Ralph gave her his keys a few months ago,
not
so that she could let herself in in the event of his disappearing off the face of the earth, but in her capacity as his nearest neighbor, in the event of his locking himself out. It was Lulu's idea to use it. “Go,” she said, as the hour of Ralph's promised reappearance and collection of his children came and went, “go now. Leave the kids here. It's lentils and farting tonight—they'll be fine.”

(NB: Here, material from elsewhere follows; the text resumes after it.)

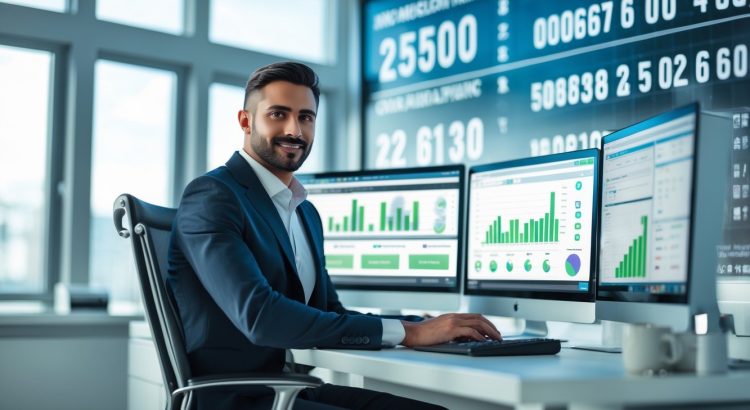 Seorang profesional di kantor modern sedang menganalisis data pada beberapa layar komputer dengan grafik dan angka.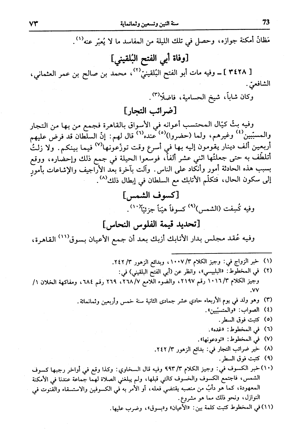 (¬10) خبر الكسوف في: وجيز الكلام 3/ 993 وفيه قال السخاوي: وكذا وقع في أواخر رجبها كسوف الشمس، فاجتمع الكسوف والخسوف كالتي قبلها، ولم يبلغني الصلاة لهما جماعة عندنا في الأمكنة المعهودة، كما هو دأب من منصبه يقتضي فعله، أو الأمر به في الكسوفين والاستسقاء والقنوت في النوازل، ونحو ذلك مما هو مشروع.

Jem peers into the hallway and moves a large pile of mail to one side with her foot. The flat smells bare and unlived in, slightly damp. Ralph's shoes and sneakers sit in a row on
a wooden shelf outside the living room. She glances at them and feels a wave of tender sadness.
Ralph's shoes
. She's always had a thing about Ralph's disembodied footwear. When they'd shared the flat in Almanac Road, she would anthropomorphize his shoes when he was out. Shoes were such intimate things when they were disconnected from their wearers. When she was younger, Jem had used the “empty shoe” test to judge whether or not she would want to sleep with a man. She would look at his shoes, then imagine them empty by the side of her bed the next morning. More often than not, this would be sufficient to extinguish any misplaced sexual interest. It had been the opposite with Ralph's shoes. Every time she saw them she felt a glow of warmth and desire, and when she'd awoken the morning after their first night together and seen them there, his shoes, separate from him, the insides worn smooth with the imprint of his socked feet, she'd felt complete.